WORK REQUEST -> After locating the line with "- Материал: фирменное" below, output it and each following line exactly, stopping after the line with "Yumi Brown Crochet". No pictures.

DATA UNDER STUDY ->
****************
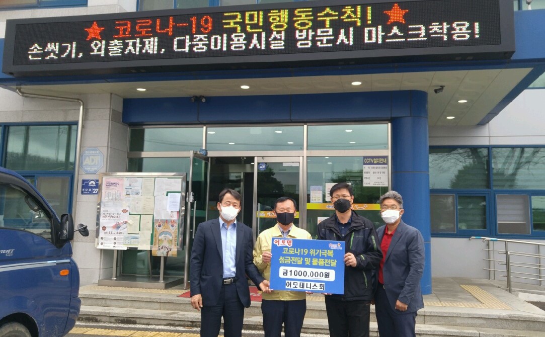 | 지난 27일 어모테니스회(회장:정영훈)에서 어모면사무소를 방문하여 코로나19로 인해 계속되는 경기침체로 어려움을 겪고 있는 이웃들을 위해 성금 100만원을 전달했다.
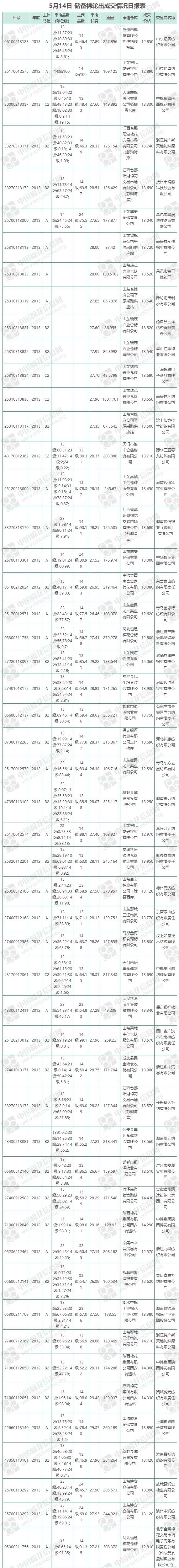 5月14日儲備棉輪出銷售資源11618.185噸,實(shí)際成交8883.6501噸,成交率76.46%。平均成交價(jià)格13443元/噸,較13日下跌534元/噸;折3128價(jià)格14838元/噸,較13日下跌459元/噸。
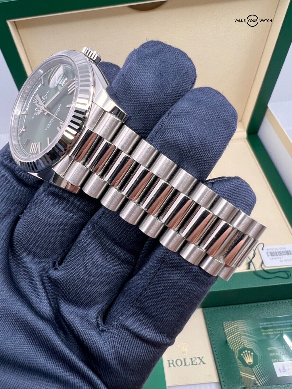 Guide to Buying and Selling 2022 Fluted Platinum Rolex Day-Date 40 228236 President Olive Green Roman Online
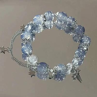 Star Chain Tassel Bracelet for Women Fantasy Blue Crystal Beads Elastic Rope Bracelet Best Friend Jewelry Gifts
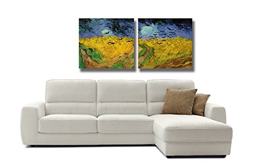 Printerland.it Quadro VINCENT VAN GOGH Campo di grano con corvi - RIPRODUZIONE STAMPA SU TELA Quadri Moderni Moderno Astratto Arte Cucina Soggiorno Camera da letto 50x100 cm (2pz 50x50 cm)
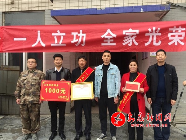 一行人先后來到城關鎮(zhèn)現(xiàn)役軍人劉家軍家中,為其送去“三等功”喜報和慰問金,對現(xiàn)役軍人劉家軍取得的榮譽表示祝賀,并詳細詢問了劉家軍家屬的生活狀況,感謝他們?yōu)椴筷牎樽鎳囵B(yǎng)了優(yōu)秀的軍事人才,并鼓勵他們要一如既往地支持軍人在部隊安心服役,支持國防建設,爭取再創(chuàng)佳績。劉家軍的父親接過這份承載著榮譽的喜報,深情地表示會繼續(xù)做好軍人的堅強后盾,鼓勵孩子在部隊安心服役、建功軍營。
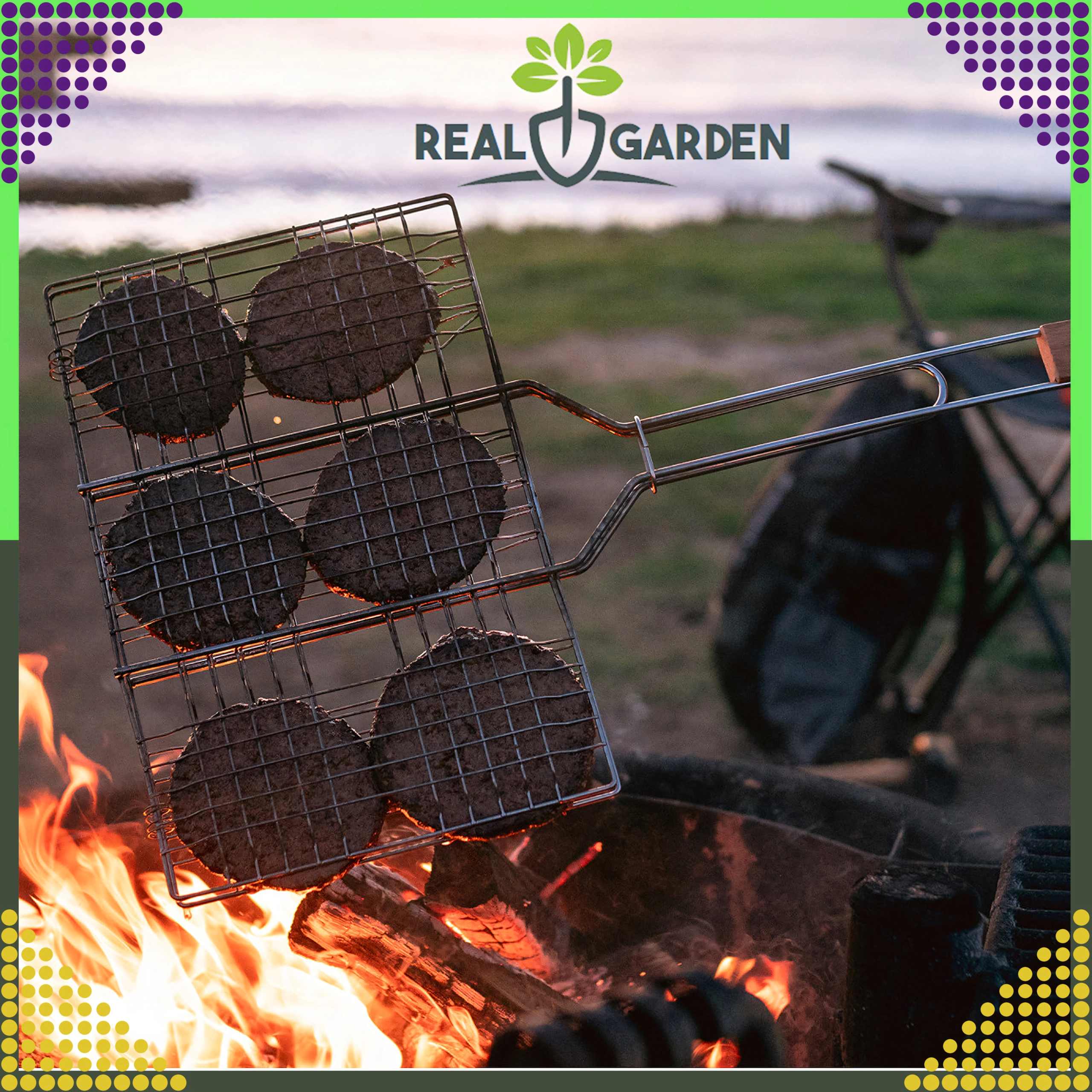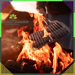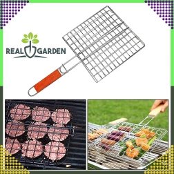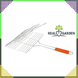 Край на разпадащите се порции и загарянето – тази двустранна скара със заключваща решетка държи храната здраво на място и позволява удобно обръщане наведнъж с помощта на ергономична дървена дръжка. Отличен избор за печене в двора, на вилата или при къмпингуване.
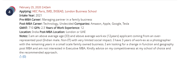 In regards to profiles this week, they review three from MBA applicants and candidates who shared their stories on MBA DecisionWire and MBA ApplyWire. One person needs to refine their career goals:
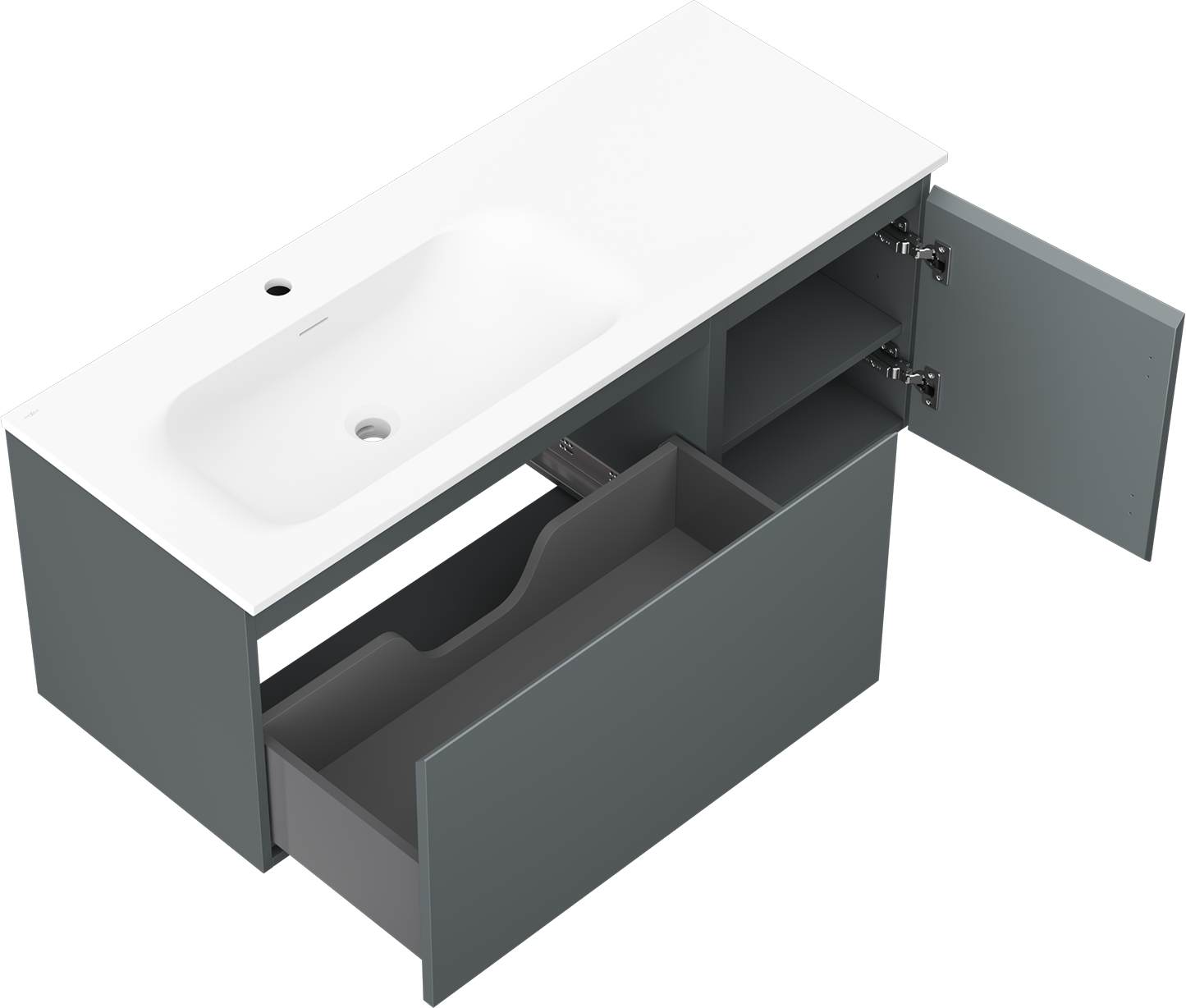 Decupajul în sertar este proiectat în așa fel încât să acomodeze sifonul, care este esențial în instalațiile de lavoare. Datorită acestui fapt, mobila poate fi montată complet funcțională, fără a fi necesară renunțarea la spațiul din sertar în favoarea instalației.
****************
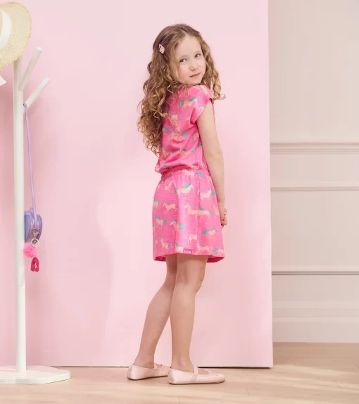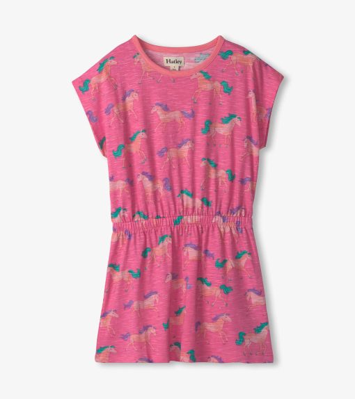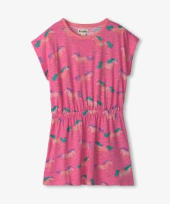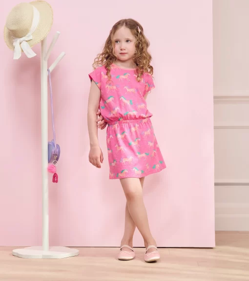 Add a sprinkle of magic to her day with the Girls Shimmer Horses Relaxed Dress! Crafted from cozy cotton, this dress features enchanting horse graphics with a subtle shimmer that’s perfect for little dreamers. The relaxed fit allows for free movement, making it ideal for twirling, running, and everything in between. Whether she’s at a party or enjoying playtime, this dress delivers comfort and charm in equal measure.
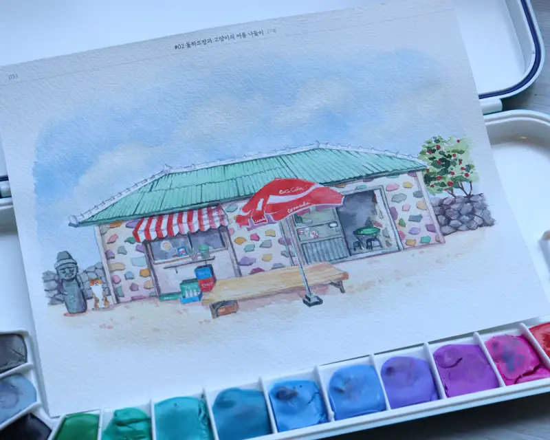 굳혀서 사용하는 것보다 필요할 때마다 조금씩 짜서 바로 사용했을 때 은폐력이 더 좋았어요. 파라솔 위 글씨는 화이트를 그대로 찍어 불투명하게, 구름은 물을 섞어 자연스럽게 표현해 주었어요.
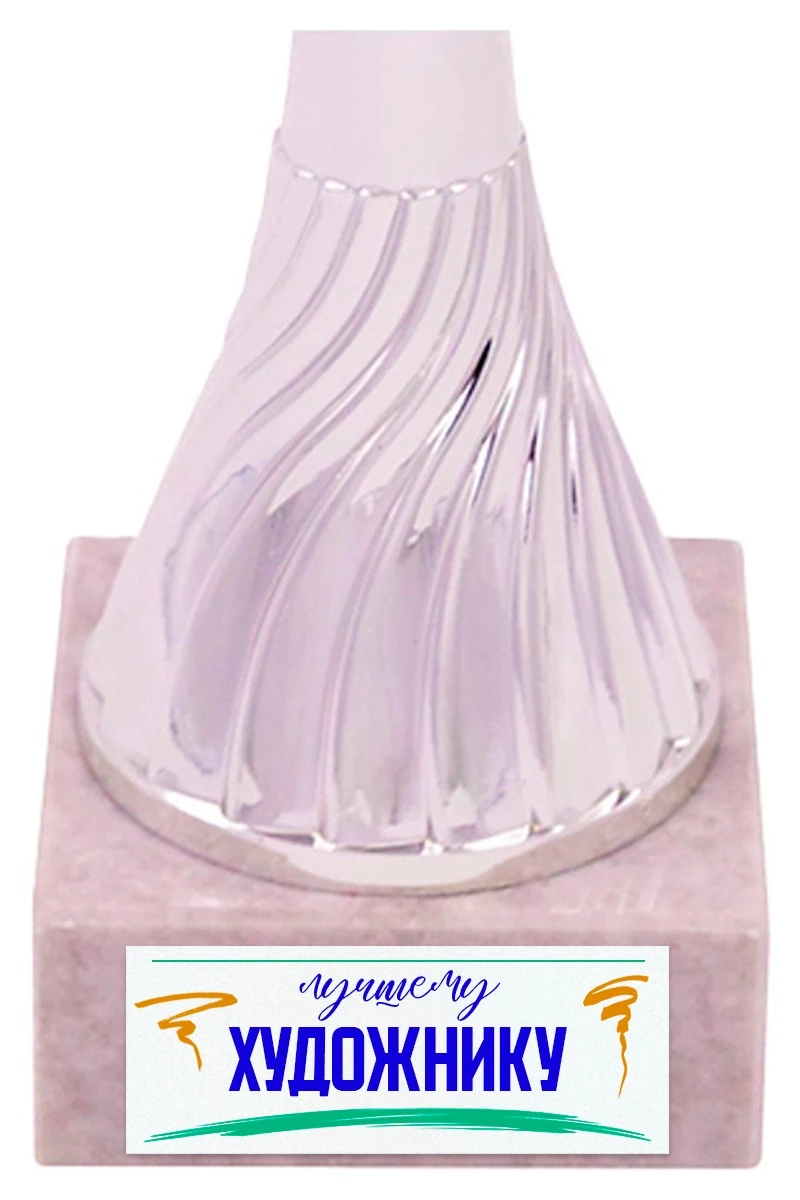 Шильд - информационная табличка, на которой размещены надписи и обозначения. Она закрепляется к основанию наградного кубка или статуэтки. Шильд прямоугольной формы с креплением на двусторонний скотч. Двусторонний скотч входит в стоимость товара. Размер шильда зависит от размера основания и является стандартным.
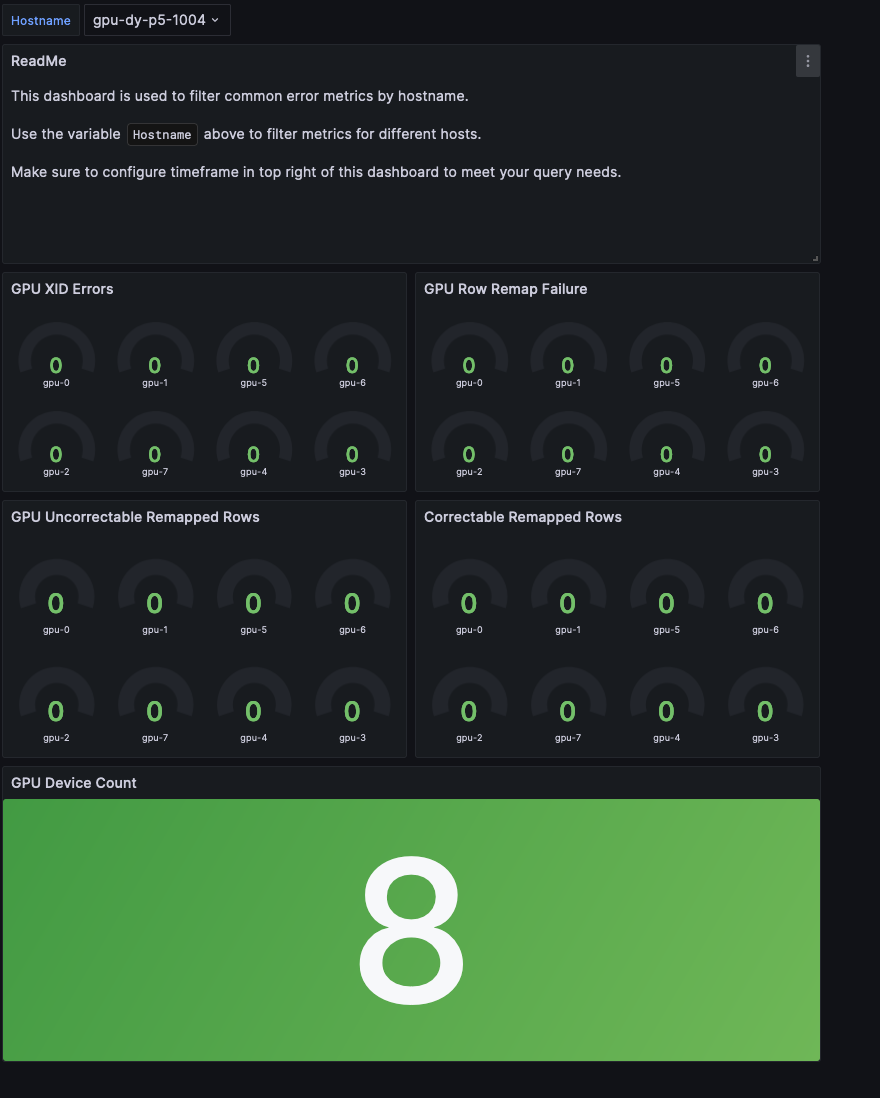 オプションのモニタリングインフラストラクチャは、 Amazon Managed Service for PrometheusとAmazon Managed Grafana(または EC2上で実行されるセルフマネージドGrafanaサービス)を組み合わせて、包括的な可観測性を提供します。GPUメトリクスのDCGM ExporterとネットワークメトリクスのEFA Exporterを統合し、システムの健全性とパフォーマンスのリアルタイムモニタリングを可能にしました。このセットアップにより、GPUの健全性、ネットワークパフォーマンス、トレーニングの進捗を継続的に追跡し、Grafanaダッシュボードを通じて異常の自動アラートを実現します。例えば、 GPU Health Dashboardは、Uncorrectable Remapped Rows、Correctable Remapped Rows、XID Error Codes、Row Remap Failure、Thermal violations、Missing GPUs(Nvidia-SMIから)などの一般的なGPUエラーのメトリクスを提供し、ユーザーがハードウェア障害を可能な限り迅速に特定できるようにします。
****************
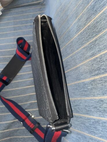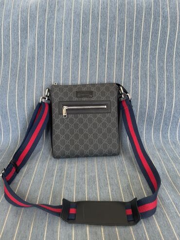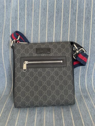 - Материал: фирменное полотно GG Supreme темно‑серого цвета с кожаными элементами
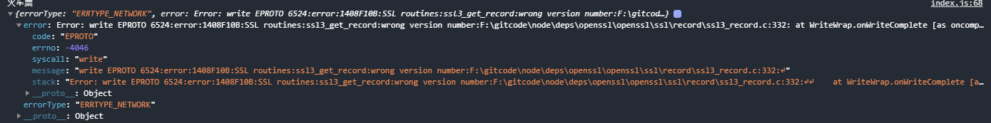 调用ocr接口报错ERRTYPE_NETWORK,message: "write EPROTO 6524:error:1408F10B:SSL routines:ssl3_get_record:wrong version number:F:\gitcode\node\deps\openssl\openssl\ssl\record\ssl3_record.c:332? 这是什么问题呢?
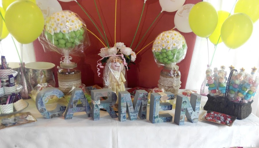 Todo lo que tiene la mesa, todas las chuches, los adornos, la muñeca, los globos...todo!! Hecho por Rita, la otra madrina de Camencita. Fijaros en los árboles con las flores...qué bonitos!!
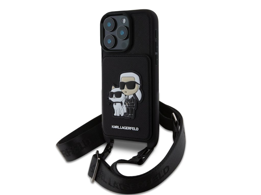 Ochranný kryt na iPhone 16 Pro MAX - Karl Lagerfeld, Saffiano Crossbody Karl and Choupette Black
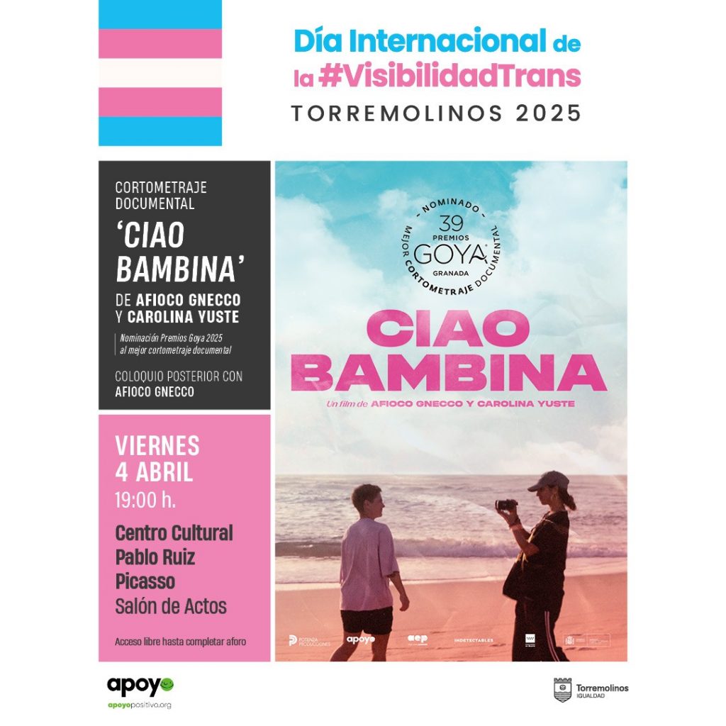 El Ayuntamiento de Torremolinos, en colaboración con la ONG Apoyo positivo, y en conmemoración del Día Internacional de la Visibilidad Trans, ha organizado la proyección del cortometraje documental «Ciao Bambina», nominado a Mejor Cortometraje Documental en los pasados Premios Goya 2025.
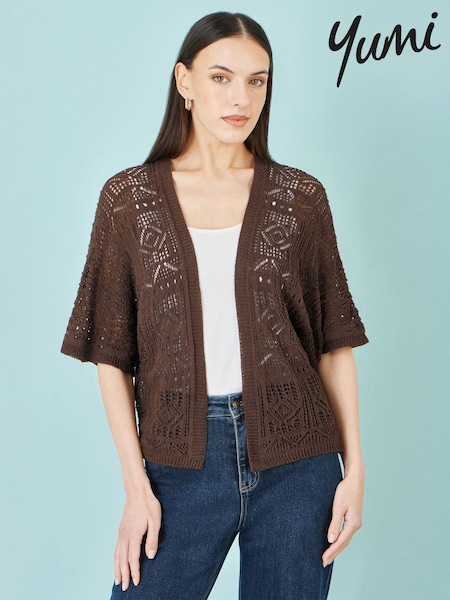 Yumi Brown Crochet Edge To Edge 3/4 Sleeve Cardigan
****************
RESPONSE ->
 - Материал: фирменное полотно GG Supreme темно‑серого цвета с кожаными элементами
 调用ocr接口报错ERRTYPE_NETWORK,message: "write EPROTO 6524:error:1408F10B:SSL routines:ssl3_get_record:wrong version number:F:\gitcode\node\deps\openssl\openssl\ssl\record\ssl3_record.c:332? 这是什么问题呢?
 Todo lo que tiene la mesa, todas las chuches, los adornos, la muñeca, los globos...todo!! Hecho por Rita, la otra madrina de Camencita. Fijaros en los árboles con las flores...qué bonitos!!
 Ochranný kryt na iPhone 16 Pro MAX - Karl Lagerfeld, Saffiano Crossbody Karl and Choupette Black
 El Ayuntamiento de Torremolinos, en colaboración con la ONG Apoyo positivo, y en conmemoración del Día Internacional de la Visibilidad Trans, ha organizado la proyección del cortometraje documental «Ciao Bambina», nominado a Mejor Cortometraje Documental en los pasados Premios Goya 2025.
 Yumi Brown Crochet Edge To Edge 3/4 Sleeve Cardigan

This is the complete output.